The Battle of Djerba () took place in May 1560 near the island of Djerba, Tunisia. The Ottomans under Piyale Pasha's command overwhelmed a large joint Christian Alliance fleet, composed chiefly of Spanish, Papal, Genoese, Maltese, and Neapolitan forces. The allies lost 27 galleys and some smaller vessels as well as the fortified island of Djerba. This victory marked perhaps the high point of Ottoman power in the Mediterranean Sea.
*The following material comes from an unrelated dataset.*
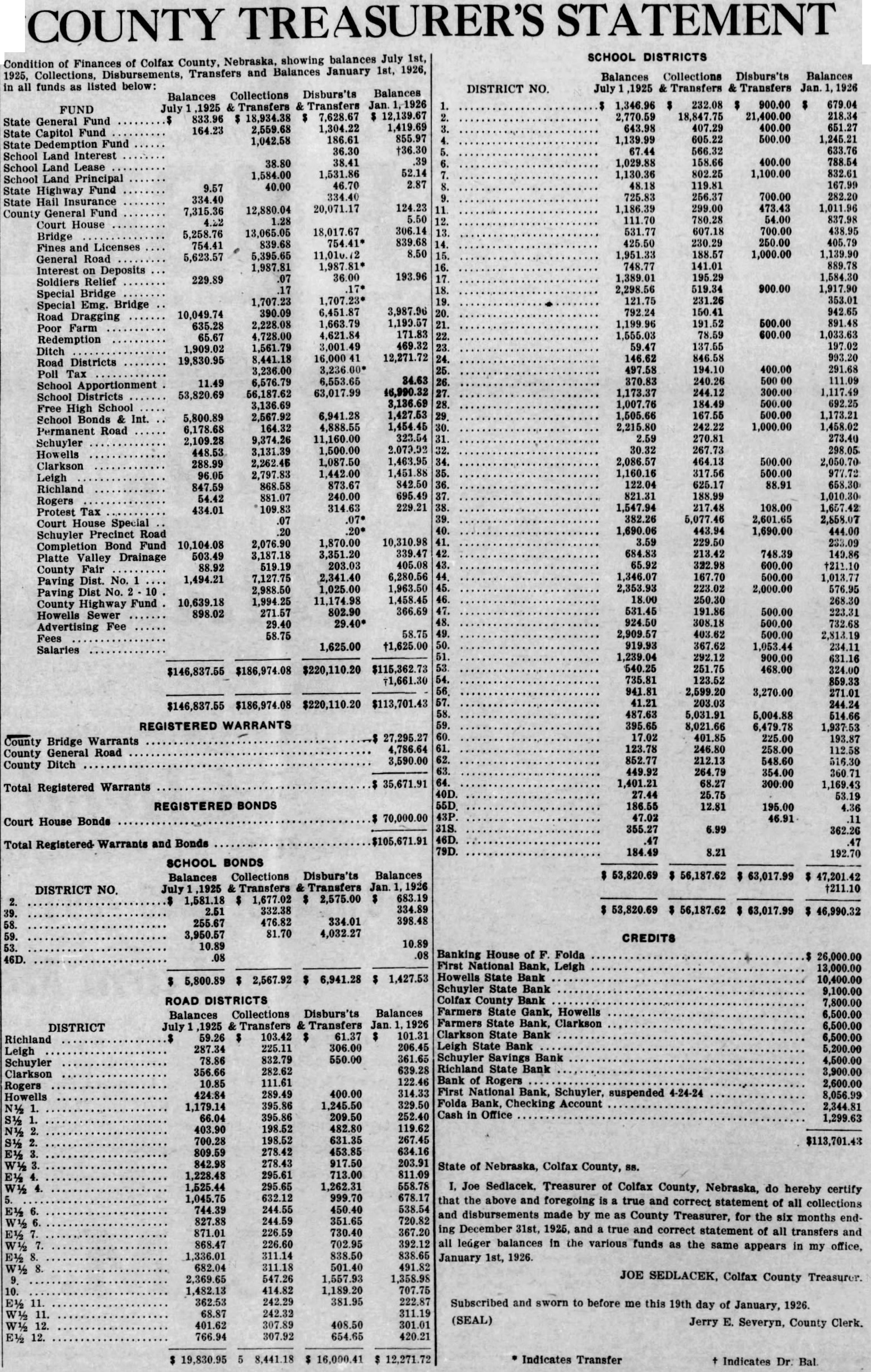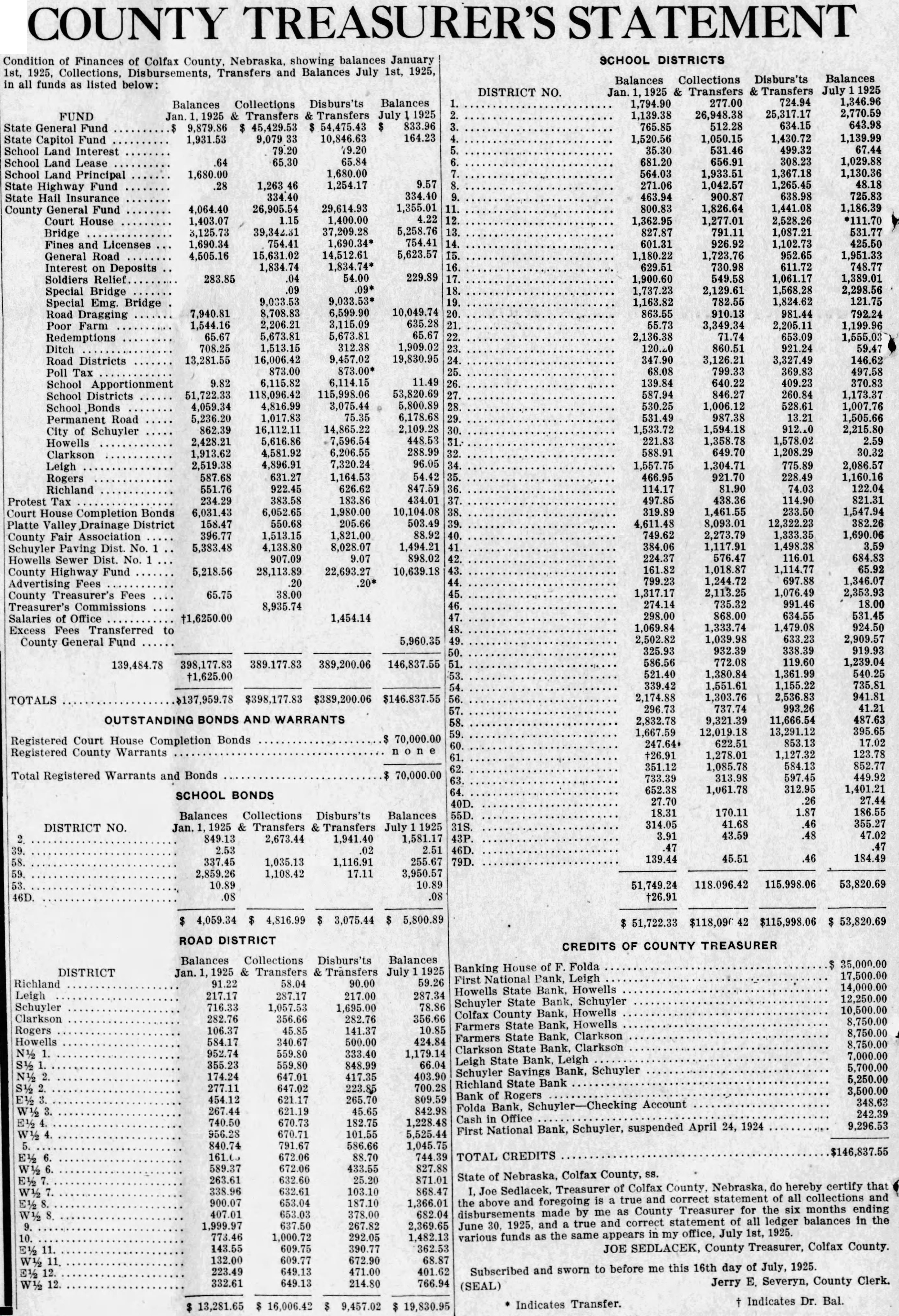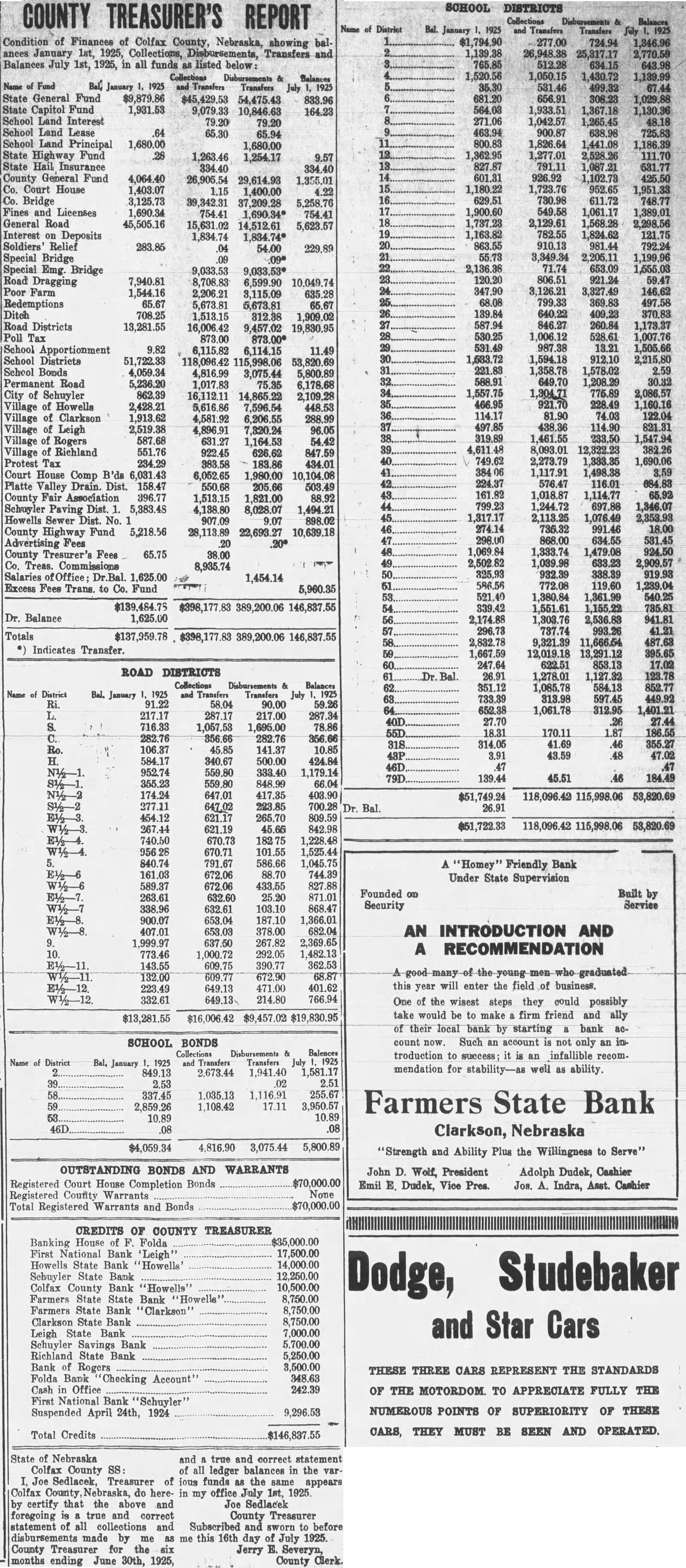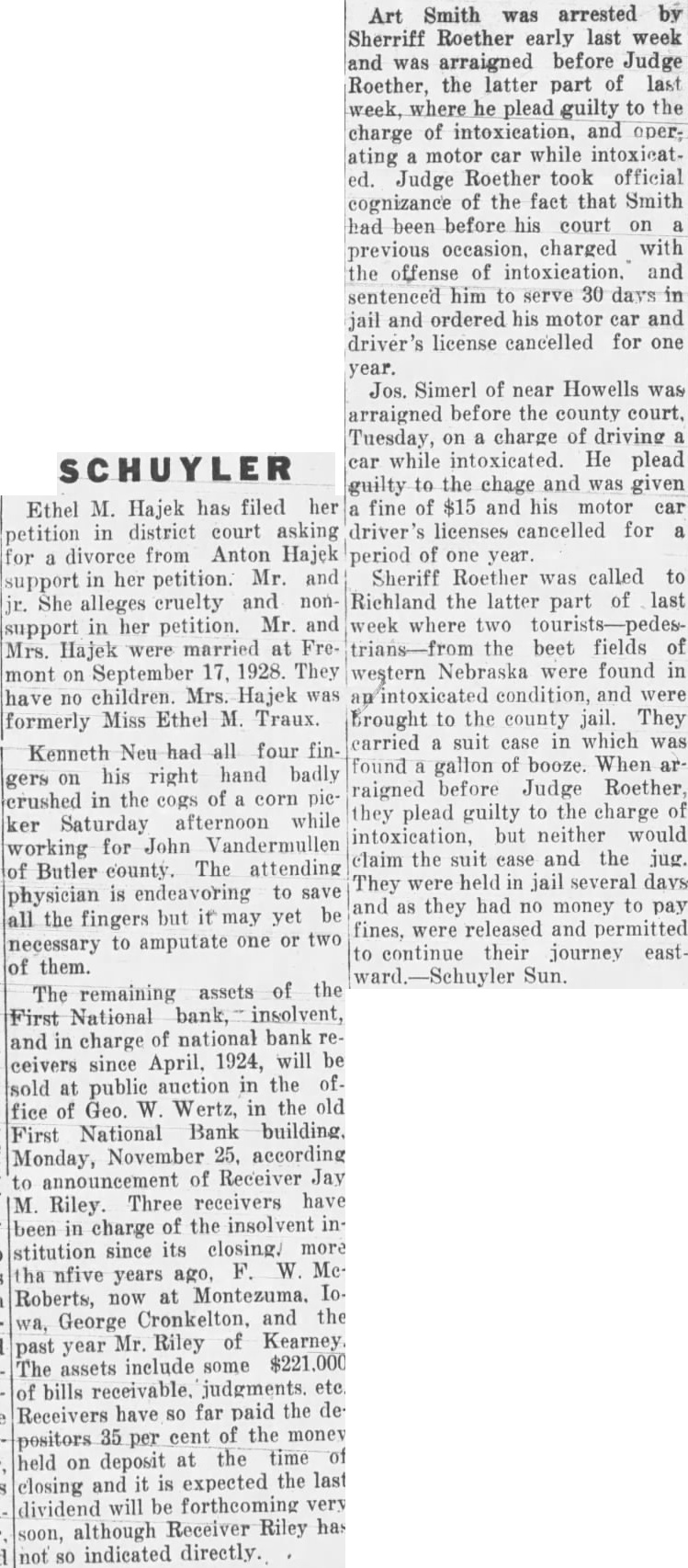 to be read on thre separate days be suspended, and ordinance No 108 be to its second reading. Voting passed yes, Costello, Chase, Krejci, Otradovsky, Pavlicek and Sprecher. Ordinance No. 108 was read the second time. Moved by Chase, seconded by Krejci that the rules requiring an ordinance to be read on three separate days be suspended, and that Ordinance No. 108 be passed to its third reading Voting Costello, Chase, Otradovsky, Pavlicek, Krejci and Sprecher. Ordinance No. 108 was read the third time. Moved by Pavlicek and seconded by Chase that Ordinance No. 108 as read be passed, approved and published as by law required. Voting yes, Costello, Chase, Krejci, Otradovsky, Pavlicek and Resolution fixing amounts of special assessments according to benefits introduced by Councilman Otradovsky. Voting yes, Costello, Chase Krejci, Otradovsky and Pavlicek. Voting no, Sprecher. The mayor declared the motion carried. by Costello, seconded by Moved that bid of the Omaha Otradovsky, Printing Co. for vault fixtures be accepted. Votig yes, Costello, Chase, Otradovsky ,Pavlicek and Krejci, Sprecher. Moved by Chase, seconded by Cos. tello, that bids received on oil engines after the specified time be opened. All councilmen present voting, yes. This being the date set for receiving bids on oil engines, the following submitted bids: Fairbanks Morse Co., Bessemer Gas Engine Co., Worthington Pump & Machinery Corporation. Moved by Costello, seconded by Chase that the bids submitted on oil engines be held open for further consideration. Voting yes, Costello, Chase and Otradovsky. Voting no, Krejci, and Sprecher. Upon motion the council adjourned. GEO. McKENZIE, City Clerk. Approved: EDW. W. ZERZAN, Mayor. Neb., Feb. 3, 1925. Schuyler, The city council met in regular session, Mayor Edw. W. Zerzan, presiding. The following councilmen were present: Costello, Chase, Krejci, Otradovsky, Pavlicek and Sprecher. Minutes of the previous meeting were read and approved. Moved by by Krejci, that the city clerk be authorized to issue warrant to the county in the amount of treasurer the balance in the disrepresenting trict No. paving (sinking fund), betransferred to the above treasurer retirement of bonds. All counfor the cilmen present voting, yes. Report of McKenzie, chief of read and placed on file. police, was Moved by Krejci, seconded by Otradovsky that the report of the city treasurer be referred to the Finance committee. All councilmen present voting yes. Following claims against the city were read: Western Electric,. supplies Cornell Supply Co., supplies, $4.29; The McGrau Co., supplies, $5.75; In. terstate Machinery & Supply Co., supplies, Granden Electric Co., supplies, Jos. Zelenda, labor, $57.89; Lion Cola Co., $326.10; Union Pacific R. R. Co., freight, The Korsemeyer Co., supplies, $113.12; Kopac Brothers, supplies, $3.35; Kopac Bros., supplies, Landers, Frary Clark, supplies, $2.00; Sundry Cach, City Water Dept., power house, flushing sewers, $125.00; rent of hydrants, $375.00 The Albert Sech rist Mfg. Co., supplies, $10.75; Kopac Bros., supplies, $10.00; Western Electric, supplies, Salak, dray $12.00; Smatlan Bros, fuel, Anton Bartunek, special police duty, $7.00; Fulmer Bros., dray, $38.10; Geo. Prince, expenses of trip to CchuyAlfred Messman, labor, Alvin Messman, labor, Biggs & Son, $2.25; Bell Tel. Co., dray, phone rental and toll,, Browder Co., repairs, etc., $6.10; Eack Motor Co., repairs, $3.75; Heck Bastian Electrical Works, pairs, $10.00; Johnson Boiler Co., labor etc., $40.29; W. Daniels, labor, City Light Water Works, Power, Street Light, $355.56; Standard Oil Co., gas, Neptune Meter repairs, $12.24; Valvoline Oil Co., supplies, General Electric Co., repairs, $24.75; Schuyler Oil Co., gas, $7.28; Deep Rock Oil Cq., gas and alcohol, Schuyler Auto Co., repairs, Mid-west Top Electric Co., supplies, $3.55; HigginsCoufal, supplies, $131.65; Enterprise Electric Co., supplies, $78.95; Glasco Electric supplies, $8.92; W. Bell Tel. Co., attachments, rental, Moved by Krejci and seconded by Pavlicek that the bills be referred to the finance committee and that warrants be drawn in payment those bearing their K. All councilmen voting yes. Moved by Sprecher, seconded by Pavlicek that all bids received on oil engines on the date of Jan. 23, 1925, be rejected. Voting yes, Costello, Krejci, Otradovsky, Pavlicek and Sprecher. Voting no, Chase. Whereupon the mayor declared the motion carried. Upon motion the council adjourned. GEO. F. McKENZIE, City Clerk. Approved: EDW. W. ZERZAN, Mayor. Schuyler, Neb., Jan. 28, 1925. The city council met in special sion, Mayor Edw. W. Zerzan, presiding. Following councilmen were present: Costello, Chase, Krejci, Otradovsky, Pavlicek and Sprecher. Moved by Otradovsky, seconded by Krejci, that the city adopt the following agree- THIS AGREEMENT made and tered into this 28th day of January, 1925, by and between Herman Johns, Chaplin, W. W. Pollard, H. Callaghan, Jess L. Woods, Kovar, Pokorny, R. Folken and Killeen, parties of the first and the city of Schuyler, Colfax county, Nebraska, as parties of the second part ALL OF THE PARTIES hereto ulate and agree in consideration of the mutual undertakings of each, that the agreements between the foregoing parties made and entered into on the 6th day of January, 1925, be and the same hereby in all respects rescinded and Dated this 28th day of January, 1923. Chaplin. Folken. Herman Johns. S. Pokorny. Kovar H. O'Callaghan. W. W. Pollard. Jess L. Woods. Voting yes, Costello, Chase, Krejci, Otradovsky, Pavlicek and Sprecher. Voting no, none. Whereupon the mayor declared the motion carried. The following resolution was introduced Councilman Krejci who moved its adoption: WHEREAS, the city of Schuyler, Colfax county, Nebraska, did, (pursuant to an ordinance of said city authorizing same, and relying on the truthfulness of the statements contained in the published reports and statements said bank, prior to May 1, 1923, which statements and reports

Until about 1573 the Mediterranean headed the list of Spanish priorities under Philip II of Spain (1556–98); under his leadership the Habsburg galley fleet increased to about 100 ships, and more in wartime. Spain sent a major fleet against the Turks in 1560, aiming for the island of Djerba off the coast west of Tripoli. The Ottoman fleet won a resounding victory, killing more than 10,000 men and sinking many vessels. However, typical of the aftermath of Mediterranean battles, they did not follow up the victory. Spain was able to rebuild its fleet in the next two years and prepared a new offensive in 1563–64 with nearly 100 ships. Despite the Ottomans being victorious in the battle, they were unable to attack the Venetian center of gravity.

Background
Since losing against Barbarossa Hayreddin's Ottoman fleet at the Battle of Preveza in 1538 and the disastrous expedition of Emperor Charles V against Barbarossa in Algiers in 1541, the major European sea powers in the Mediterranean, Spain and Venice, felt more and more threatened by the Ottomans and their corsair allies. Indeed, by 1558 Piyale Pasha had captured the Balearic Islands and together with Turgut Reis raided the Mediterranean coasts of Spain. King Philip II of Spain appealed to Pope Paul IV and his allies in Europe to organize an expedition to retake Tripoli from Turgut Reis, who had captured the city from the Maltese Knights in August 1551 and had subsequently been made Bey (Governor) of Tripoli by Sultan Suleiman the Magnificent.

Forces
The historian William H. Prescott wrote that the sources describing the Djerba campaign were so contradictory it was impossible to reconcile them. Most historians believe that the fleet assembled by the allied Christian powers in 1560 consisted of between 50 and 60 galleys and between 40 and 60 smaller craft. For example, Giacomo Bosio, the official historian of the Knights of St John writes that there were 54 galleys. Fernand Braudel also gives 54 warships plus 36 supply vessels. One of the most detailed accounts is by Carmel Testa who evidently has access to the archives of the Knights of St. John. He lists precisely 54 galleys, 7 brigs, 17 frigates, 2 galleons, 28 merchant vessels, and 12 small ships. These were supplied by a coalition that consisted of Genoa, the Grand Duchy of Tuscany,  the Papal States, and the Knights of S. John. Matthew Carr gives the number of 200 ships for the Christian Alliance. The joint fleet was assembled at Messina under the command of Giovanni Andrea Doria, nephew of the Genoese admiral Andrea Doria. It first sailed to Malta, where bad weather forced it to remain for two months. During this time some 2,000 men were lost to sickness.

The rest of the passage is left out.